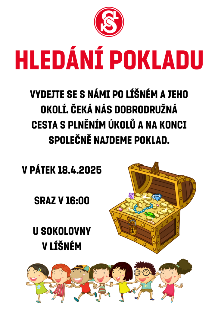 V pátek 18. dubna proběhne v okolí Líšného dobrodružná cesta s plněním úkolů, s cílem nalezení pokladu. Sraz objevitelské výpravy bude v 16 hodin u sokolovny v Líšném.
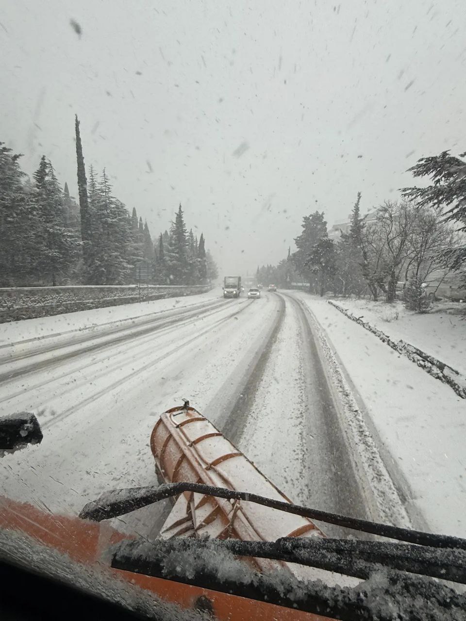В Ялте и Алуште наблюдаются обильные осадки в виде снега. На автомобильных дорогах работает дорожная техника — проводится расчистка проезжей части и обработка противогололёдными материалами.
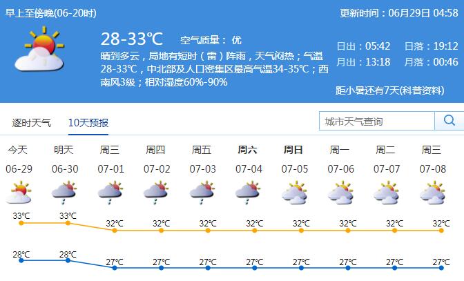 見(jiàn)圳客戶端·深圳新聞網(wǎng)2020年6月29日訊 我市29日晴到多云,局地有短時(shí)(雷)陣雨,天氣悶熱;氣溫28-33℃,中北部及人口密集區(qū)最高氣溫34-35℃;西南風(fēng)3級(jí);相對(duì)濕度60%-90%。
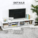 - TV Table Info: Overall dimensions: 70.9″ L x 15.7″ W x 15″ H (180 x 40 x 38 cm), Weight capacity: 176lbs (80 kg). Assembly required
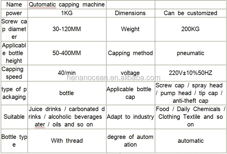 the parameter about the automatic capping machine
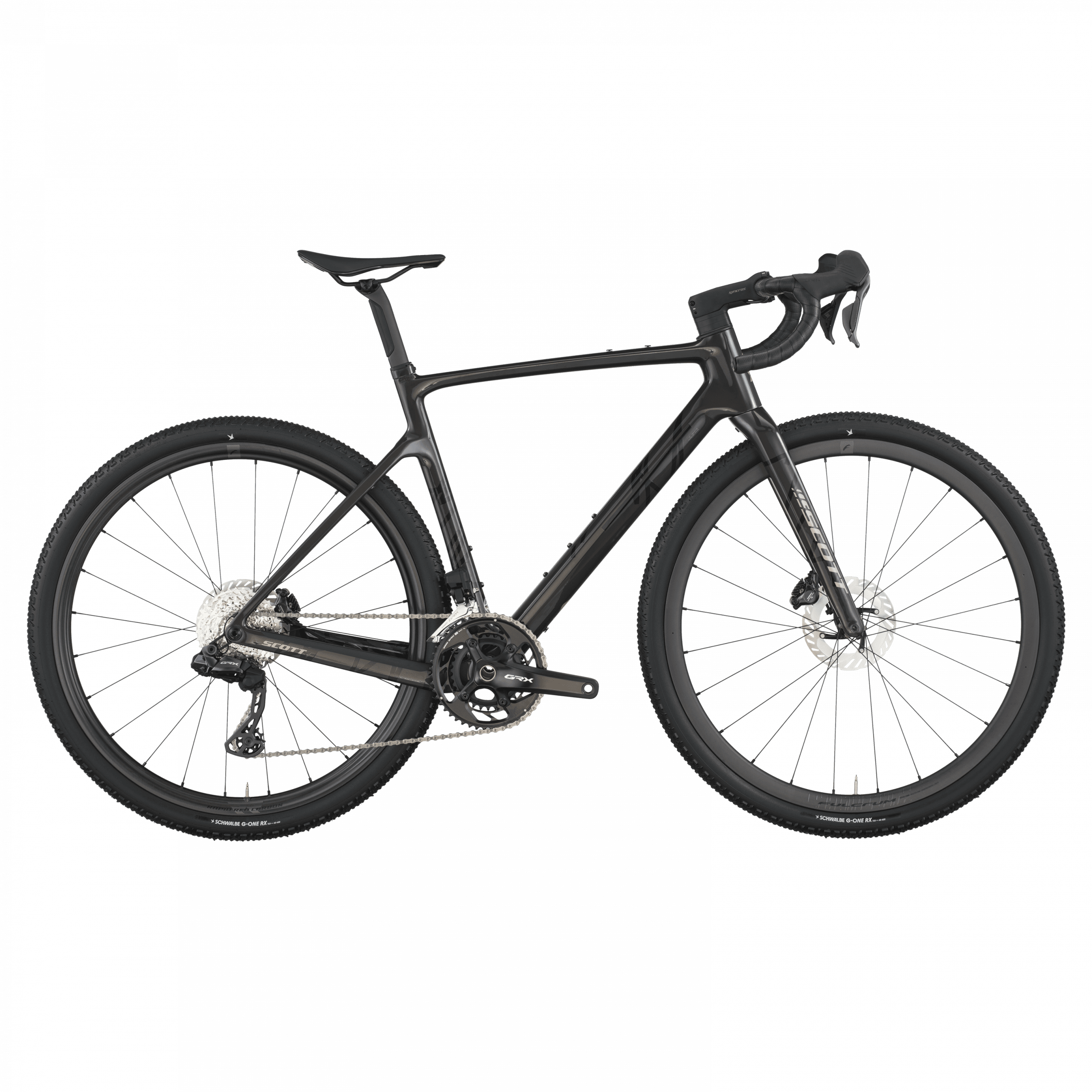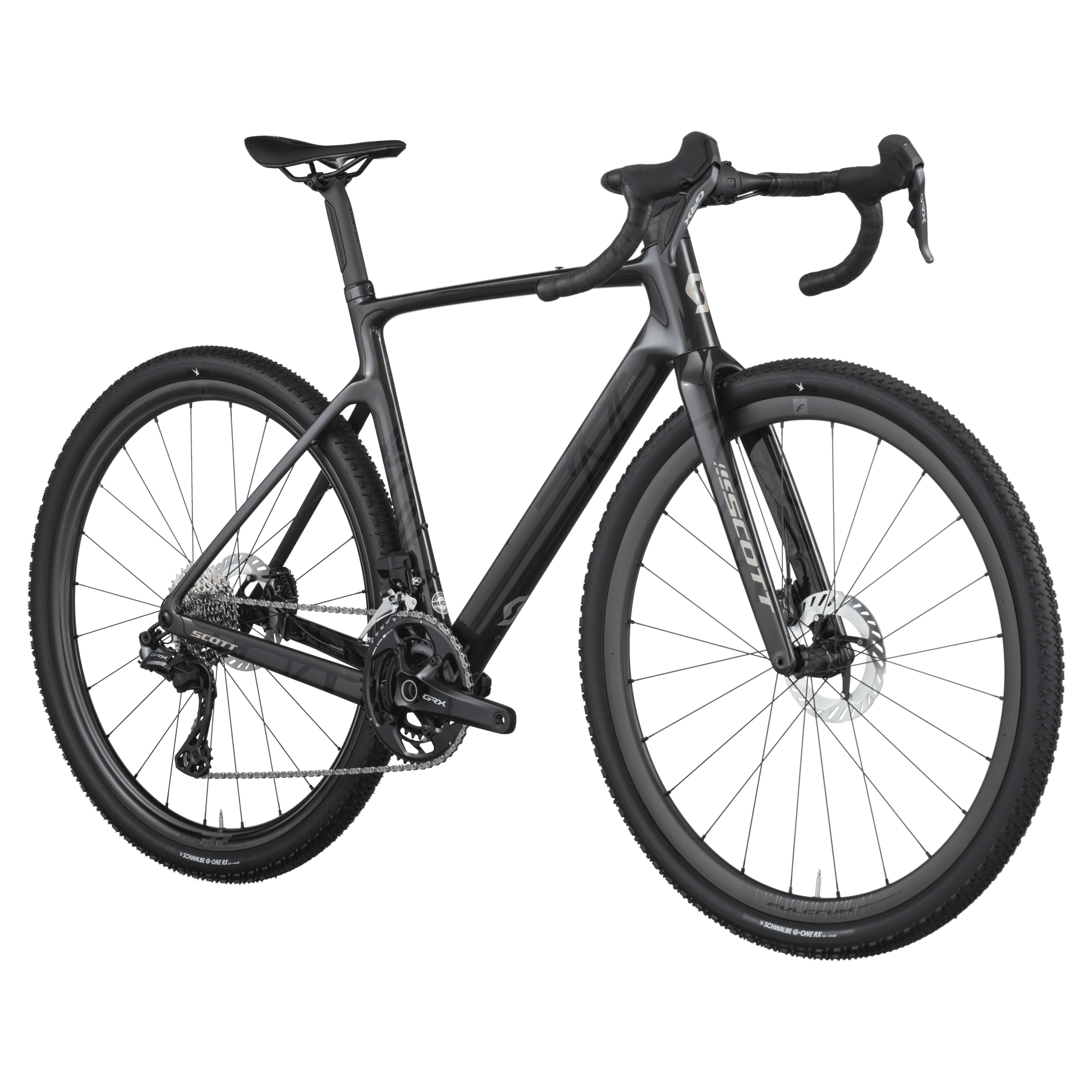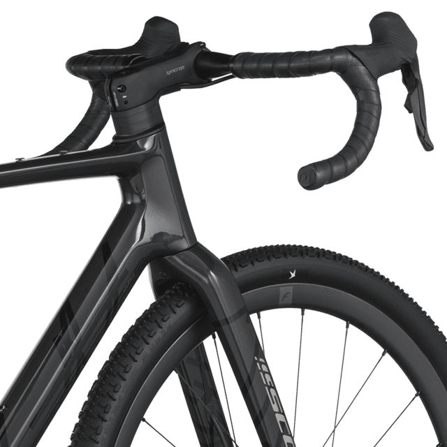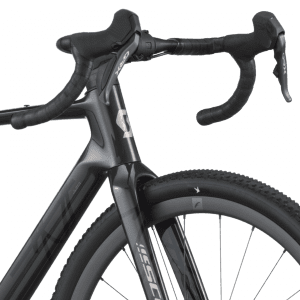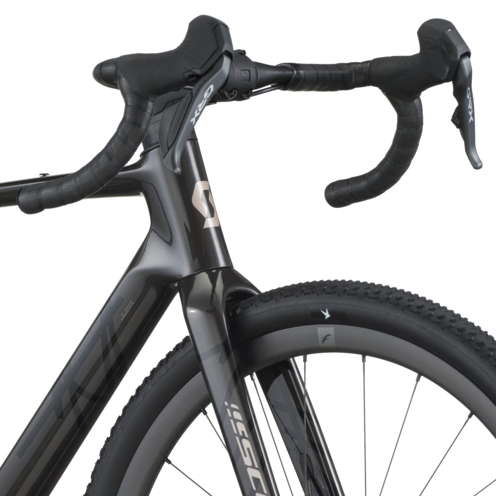 La transmission est un Shimano GRX Di2 24 vitesses (manettes ST-RX825 + dérailleurs RD-RX825/FD-RX825F), pour des changements électroniques précis et fluides quelles que soient les conditions de terrain.
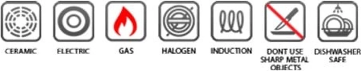 Wij adviseren om de pan met de hand af te wassen voor langdurig gebruik en handvat van deze pan niet precies boven het hoge vuur houden, hierdoor kan het handvat alsnog heet worden en kan het handvat verbranden. LET OP !!! GEEN SCHERPE VOORWERPEN (zoals fork, mes, ijzer spatels) GEBRUIKEN.

● ● ●

About this task: The required output is every line of the data above, set down exactly and stripped of pictures.

Result for this exercise:
 V pátek 18. dubna proběhne v okolí Líšného dobrodružná cesta s plněním úkolů, s cílem nalezení pokladu. Sraz objevitelské výpravy bude v 16 hodin u sokolovny v Líšném.
В Ялте и Алуште наблюдаются обильные осадки в виде снега. На автомобильных дорогах работает дорожная техника — проводится расчистка проезжей части и обработка противогололёдными материалами.
 見(jiàn)圳客戶端·深圳新聞網(wǎng)2020年6月29日訊 我市29日晴到多云,局地有短時(shí)(雷)陣雨,天氣悶熱;氣溫28-33℃,中北部及人口密集區(qū)最高氣溫34-35℃;西南風(fēng)3級(jí);相對(duì)濕度60%-90%。
 - TV Table Info: Overall dimensions: 70.9″ L x 15.7″ W x 15″ H (180 x 40 x 38 cm), Weight capacity: 176lbs (80 kg). Assembly required
 the parameter about the automatic capping machine
 La transmission est un Shimano GRX Di2 24 vitesses (manettes ST-RX825 + dérailleurs RD-RX825/FD-RX825F), pour des changements électroniques précis et fluides quelles que soient les conditions de terrain.
 Wij adviseren om de pan met de hand af te wassen voor langdurig gebruik en handvat van deze pan niet precies boven het hoge vuur houden, hierdoor kan het handvat alsnog heet worden en kan het handvat verbranden. LET OP !!! GEEN SCHERPE VOORWERPEN (zoals fork, mes, ijzer spatels) GEBRUIKEN.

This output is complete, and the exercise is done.